Was geschah danach? Rund zwei Wochen nach dem Vorfall gab es ein Klärungsgespräch, zu dem Ordnungsdezernent Christian Zaum eingeladen hatte. Der Hintergrund ist, dass das Verhältnis zwischen der Hilfsorganisation und dem Sicherheitsdienst schon vorher angespannt war. Fiftyfifty wirft dem OSD ein zu hartes Vorgehen gegen Wohnungslose vor, die OSD-Mitarbeiter weisen die Vorwürfe zurück. Zugleich ist Fiftyfifty als wichtige Unterstützung für Wohnungslose anerkannt. Bei dem Treffen vereinbarte man einige Verbesserungen in der Zusammenarbeit. Was auch noch passierte: Neben der Mitarbeiterin erstatte die Stadt als Arbeitgeber Anzeige gegen Ongaro. Dies ist üblich bei Übergriffen im Amt und soll das öffentliche Interesse zeigen.

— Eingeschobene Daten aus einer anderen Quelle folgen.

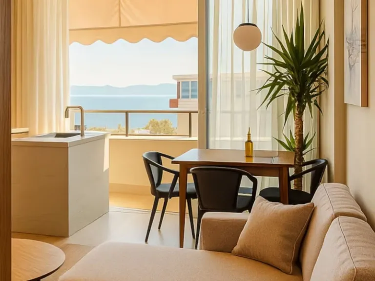 Just fifty meters from the beach, Tila’s Apartment is a thoughtfully designed space offering panoramic sea views from a flower-lined balcony. Inside, the open-plan living area includes a functional kitchen and workspace, while the stylish bathroom and soft furnishings ensure comfort throughout. The adaptable balcony design makes it perfect for year-round enjoyment.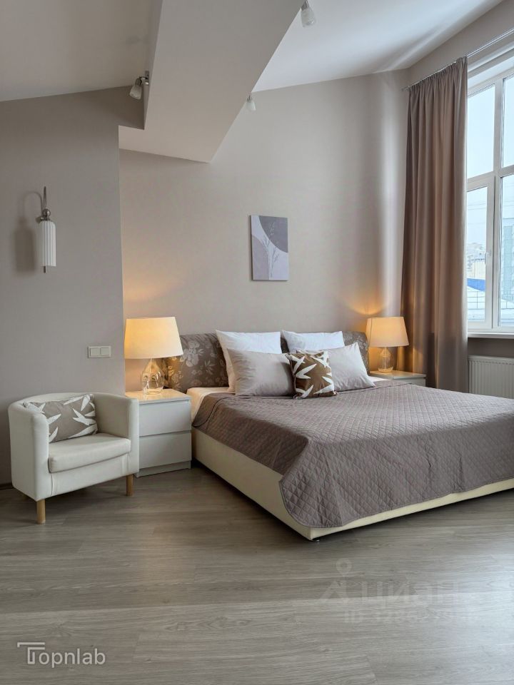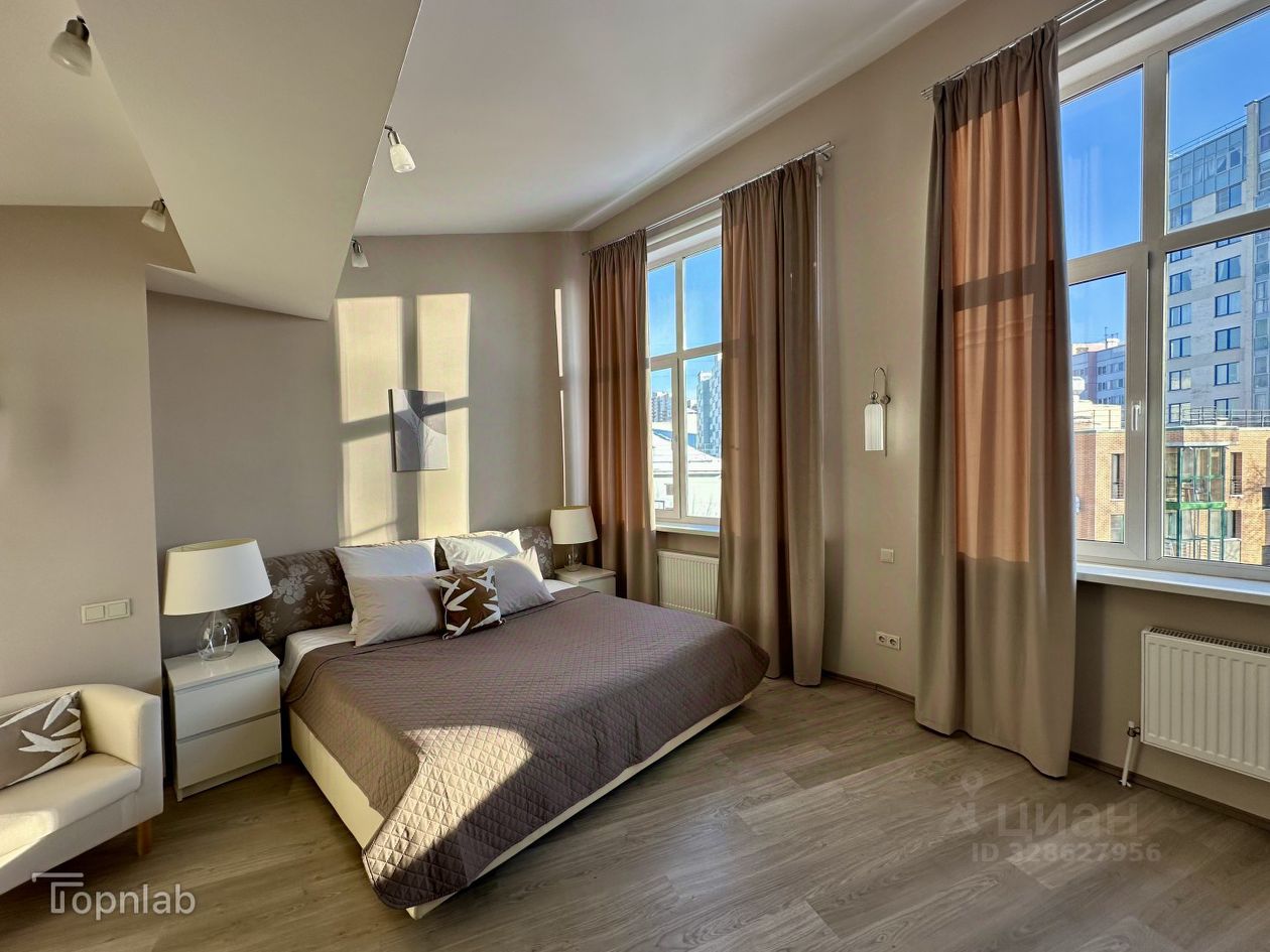 — высокие потолки и крупные окна

Durch die zusätzliche Anzeige ist das Verfahren zudem nicht mehr zu stoppen – selbst wenn die Mitarbeiterin ihre Anzeige zurückziehen würde („Offizialdelikt“)
Was tat Geisel? Der Prozess gegen Ongaro wurde auf Ende Juni terminiert, später platzte der Termin, weil noch Aussagen ausgewertet werden sollen. Rund zwei Wochen vor der Verhandlung wurde Oberbürgermeister Thomas Geisel (SPD) aktiv und ließ seinen Rechtsdezernenten Zaum ein Gespräch mit der Mitarbeiterin führen. Dabei ließ er sie auch fragen, ob sie die Anzeige zurückziehen will. Unklar ist, warum er sich überhaupt einschalte- te. Möglicherweise wurde er von Vertretern von Fiftyfifty angesprochen – die gut vernetzte Organisation trommelt für ihren Streetworker. Ongaro sagt, Geisel habe ihn ebenfalls gefragt, ob man nicht lieber einen Täter-Opfer-Ausgleich anstreben soll. Strittig ist auch, was sich Geisel erhoffte: Das Verfahren war nicht mehr zu stoppen. Wie sein Sprecher Dieter Schneider gestern sagte, hätte Geisel es begrüßt, „wenn im direkten Gespräch Genugtuung erzielt werden könnte“. Denn es handele sich beim OSD um einen wichtigen Teil der Stadtverwaltung und bei Fiftyfifty um einen wichtigen Partner. Daher habe Geisel auch ein weiteres Gespräch mit der Organisation erbeten. „Der OB legt Wert auf die Feststellung, dass er das Vorgehen der städtischen Mitarbeiterin selbstverständlich respektiert“, sagt Schneider. Ein neuer Prozesstermin steht noch nicht fest.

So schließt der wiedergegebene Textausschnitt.